BEGIN

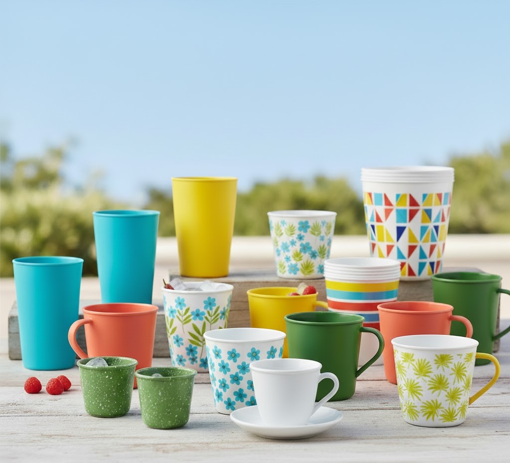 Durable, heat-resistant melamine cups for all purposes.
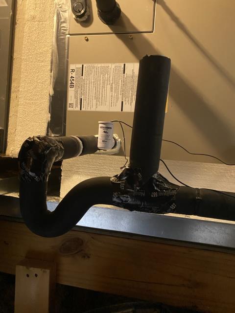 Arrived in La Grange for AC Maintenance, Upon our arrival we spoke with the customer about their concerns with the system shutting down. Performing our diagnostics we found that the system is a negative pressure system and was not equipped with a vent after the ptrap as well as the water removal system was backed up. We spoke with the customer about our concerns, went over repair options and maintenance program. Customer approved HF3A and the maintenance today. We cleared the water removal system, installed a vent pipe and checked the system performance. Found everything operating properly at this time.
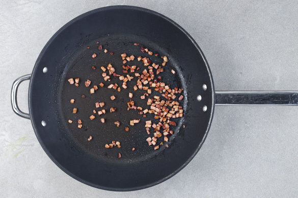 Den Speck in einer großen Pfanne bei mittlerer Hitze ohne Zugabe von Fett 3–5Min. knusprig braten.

END

## What you should do
All the material above must be copied exactly, and no picture belongs in the copy.

## Answer
 Durable, heat-resistant melamine cups for all purposes.
 Arrived in La Grange for AC Maintenance, Upon our arrival we spoke with the customer about their concerns with the system shutting down. Performing our diagnostics we found that the system is a negative pressure system and was not equipped with a vent after the ptrap as well as the water removal system was backed up. We spoke with the customer about our concerns, went over repair options and maintenance program. Customer approved HF3A and the maintenance today. We cleared the water removal system, installed a vent pipe and checked the system performance. Found everything operating properly at this time.
 Den Speck in einer großen Pfanne bei mittlerer Hitze ohne Zugabe von Fett 3–5Min. knusprig braten.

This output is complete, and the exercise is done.